Asymmetric modification of the magnetic proximity effect in Pt/Co/Pt trilayers by the insertion of a Ta buffer layer

TL;DR

This study investigates how inserting a Ta buffer layer affects the magnetic proximity effect in Pt/Co/Pt trilayers, revealing that the buffer layer reduces the induced magnetism in Pt layers and offers a new control method for spin-transport applications.

Contribution

The paper demonstrates that a Ta buffer layer modifies the growth orientation of Pt and reduces the magnetic proximity effect, combining experimental and theoretical approaches for interface engineering.

Findings

Ta buffer layer decreases the induced magnetic moment in bottom Pt layer.

Ta buffer induces growth of Pt(011) instead of Pt(111).
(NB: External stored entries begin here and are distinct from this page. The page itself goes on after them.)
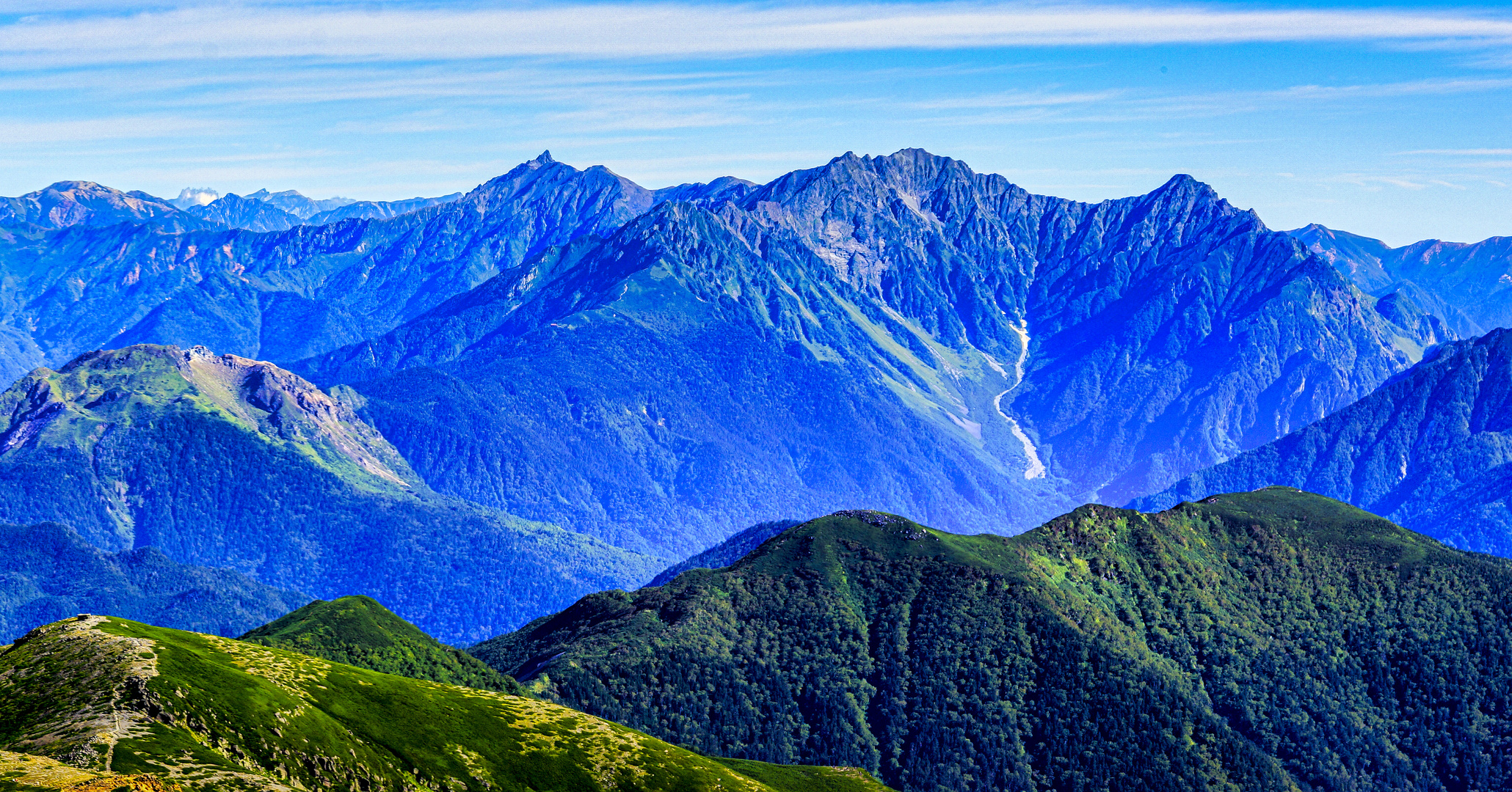 中央やや右が穂高連峰、氷河跡の下は上高地。 穂高連峰の左で凸っているのは槍ヶ岳。その左後方の白い峰は立山連峰。 写真右側奥は白馬連峰。 写真左側手前は焼岳。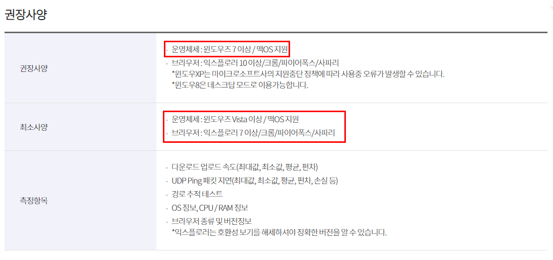 KT 인터넷 속도 측정을 위한 권장 사양입니다. 해당 사양은 권장하는 기본 사양입니다.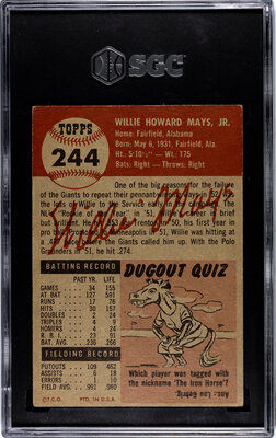 A 1953 Topps Willie Mays Baseball Card No. 244 (SGC 3 VG)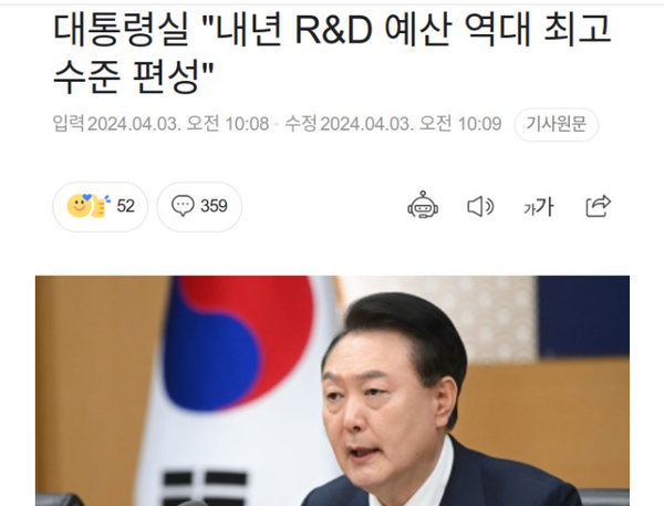 대통령실이 내년 R&D예산을 역대 최고 수준으로 편성하겠다고 발표했다.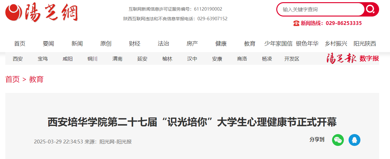 为贯彻落实教育部及我省全面加强和改进新时代学生心理健康工作专项行动计划,结合《中共陕西省委教育工委办公室关于开展第十届陕西高校“阳光护航”心理育人宣传季实践活动的通知》精神,星空·官方站网页版于3月25日中午举行了第十届陕西高校“阳光护航”心理育人宣传季暨星空·官方站网页版第二十七届“识光培你”大学生心理健康节开幕式。本次活动得到了陕西省教育系统关工委、陕西省青年联合会教育界别的指导和帮助。陕西省教育系统关工委主任赵昶葆,星空·官方站网页版理事长姜波,校党委副书记、副校长姚文静,关工委相关部门负责同志及星空(中国)体育网各职能部门负责人,二级学院行政副院长、党委副书记、辅导员代表、学生代表共同参与了本次开幕式活动。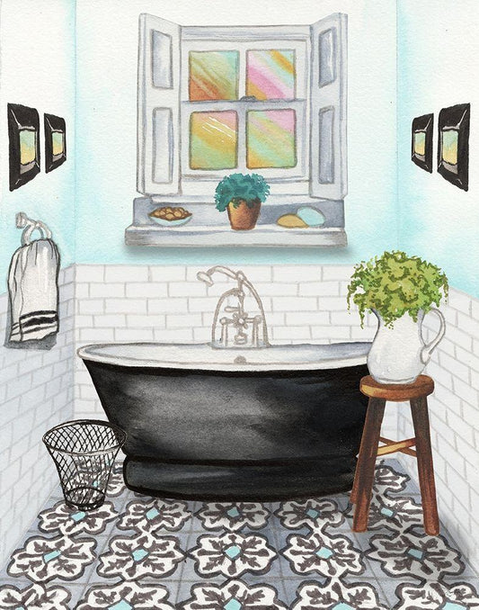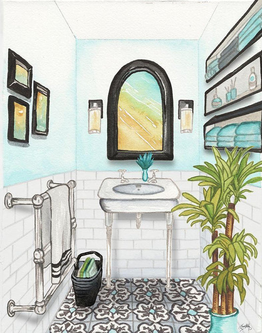 Boho Bath I White Modern Wood Framed Art Print with Double Matting by Medley, Elizabeth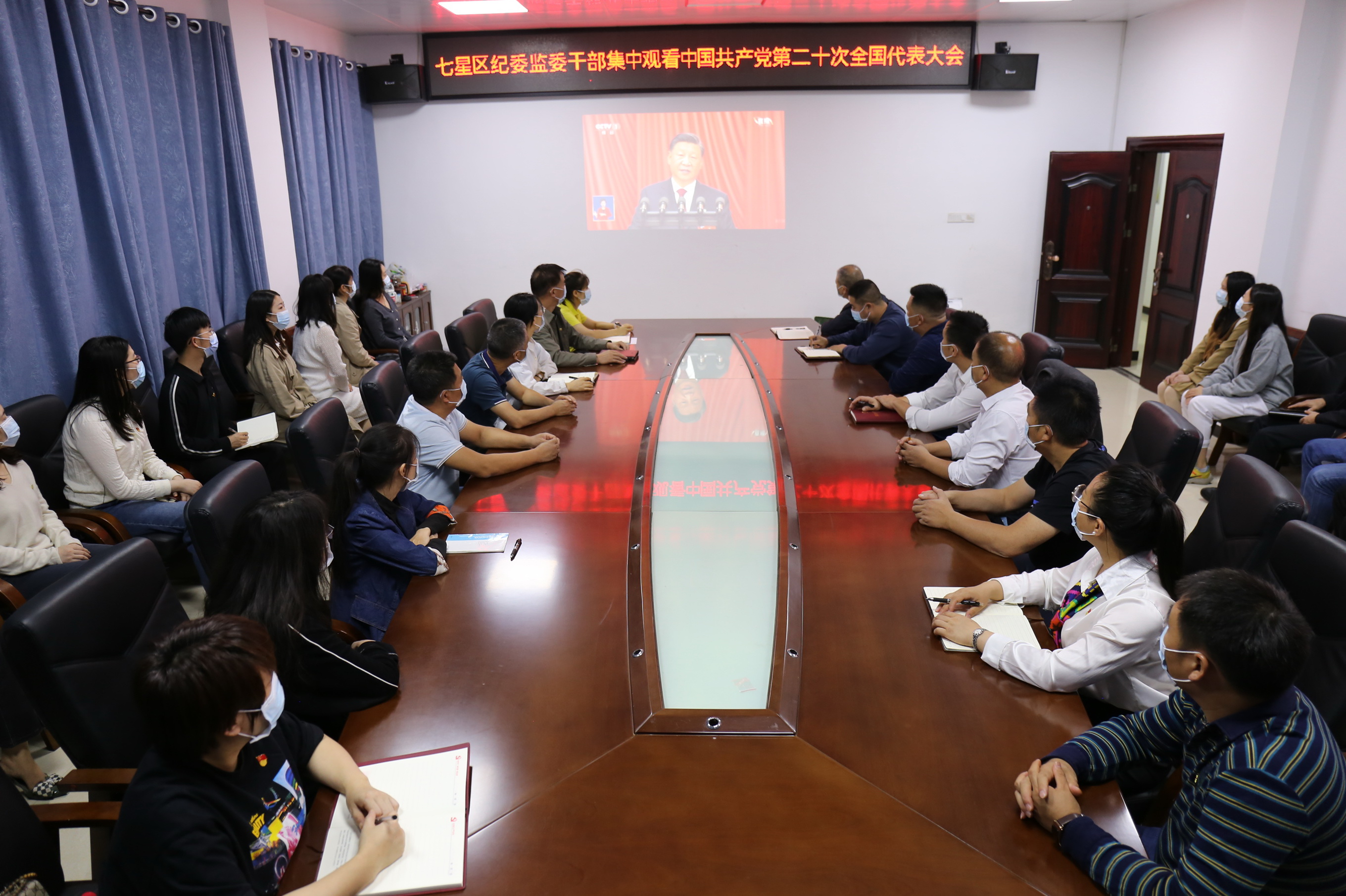 10月16日上午10时,中国共产党第二十次全国代表大会在北京隆重开幕。习近平总书记代表第十九届中央委员会向大会作报告。七星区纪检监察干部满怀喜悦,收听收看了开幕会直播盛况。大家纷纷表示,将把学习宣传贯彻党的二十大精神作为首要政治任务,迅速掀起学习热潮,带头抓好贯彻落实,同时充分发挥监督保障执行、促进完善发展作用,不断开创全面从严治党、党风廉政建设和反腐败斗争新局面,为推动全区纪检监察工作高质量发展作出新的更大贡献。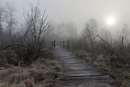 De Moorpadd bukkelt un mullt lang vöör sükk hen an d Küstenkanoal. Dor achter sticht dat Hochmoor liek an. Boaben steit Jan un tööft. Dat is de achuntwintichste August nägenteinhunnerdveertich.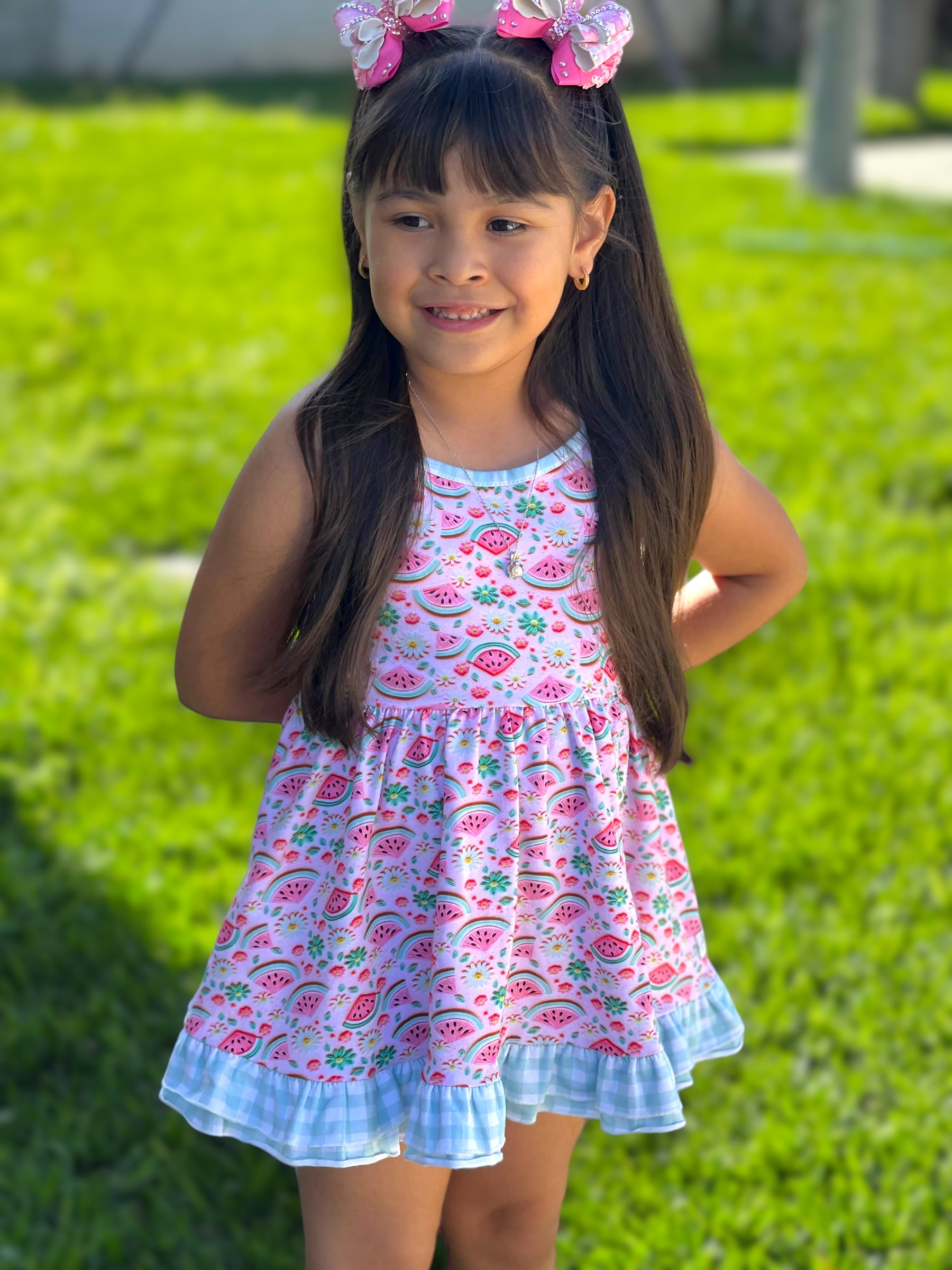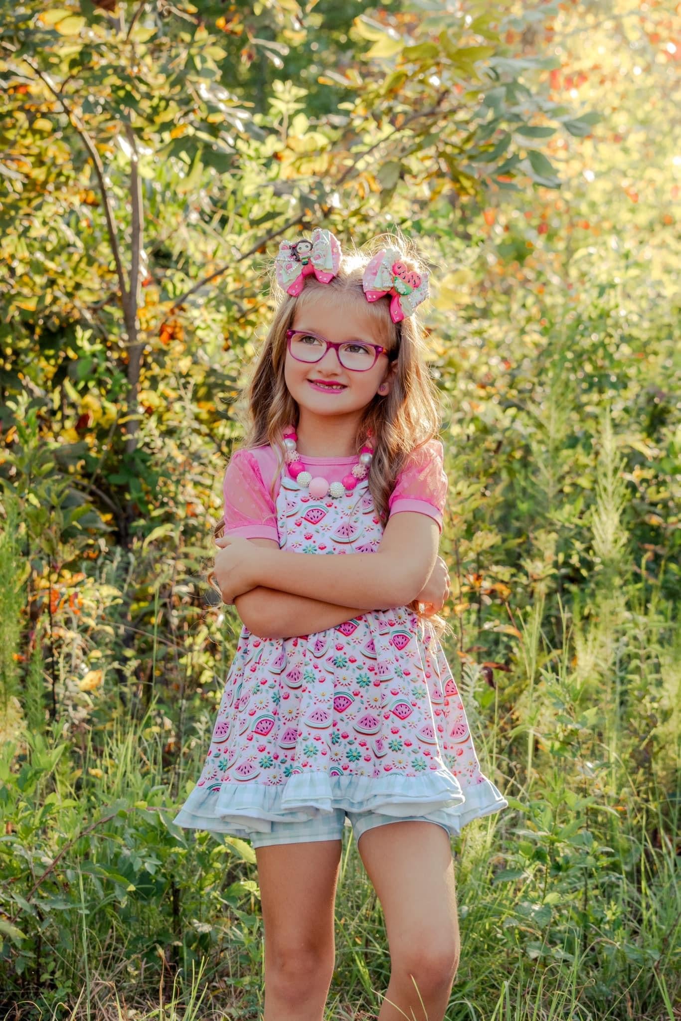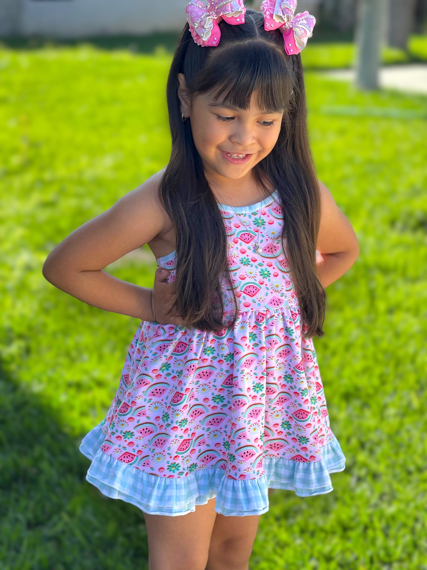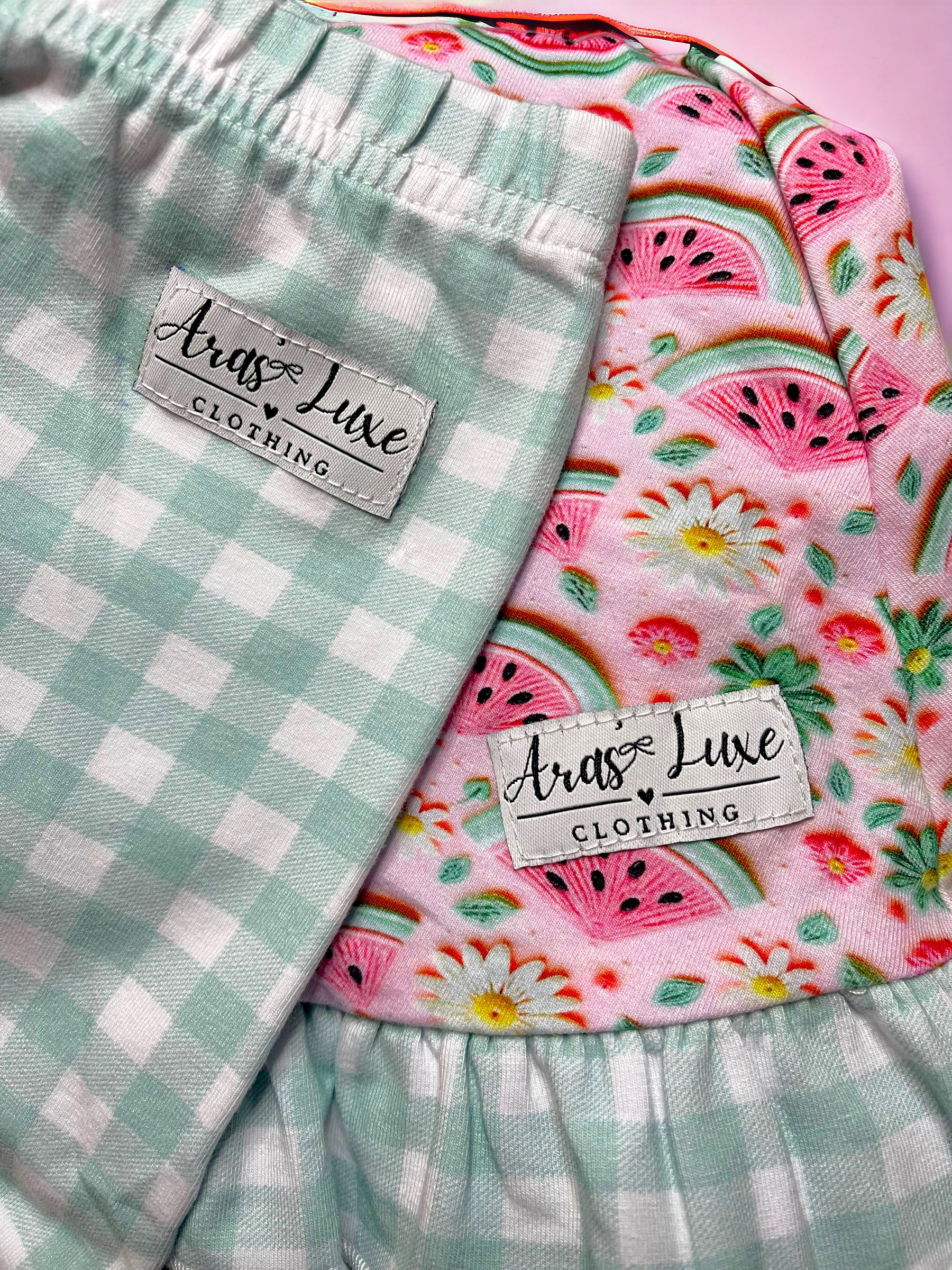 Made from high quality cotton/spandex blend. This beautiful adjustable spaghetti cross back tunic features a beautiful 3D watermelon print and green gingham print details. The shorties are included with all sizes. The shorties come with a bow in the front and two compliment print pockets on the back that match the dress print.

Co induces more magnetic moment in Pt(111) than in Pt(011).

Abstract

The magnetic proximity effect in top and bottom Pt layers induced by Co in Ta/Pt/Co/Pt multilayers has been studied by interface sensitive, element specific x-ray resonant magnetic reflectivity. The asymmetry ratio for circularly polarized x-rays of left and right helicity has been measured at the Pt $L_3$ absorption edge (11567 eV) with an in-plane magnetic field ($\pm158$ mT) to verify its magnetic origin. The proximity-induced magnetic moment in the bottom Pt layer decreases with the thickness of the Ta buffer layer. Grazing incidence x-ray diffraction has been carried out to show that the Ta buffer layer induces the growth of Pt(011) rather than Pt(111) which in turn reduces the induced moment. A detailed density functional theory study shows that an adjacent Co layer induces more magnetic moment in Pt(111) than in Pt(011). The manipulation of the magnetism in Pt by the insertion of a Ta buffer layer provides a new way of controlling the magnetic proximity effect which is of huge importance in spin-transport experiments across similar kind of interfaces.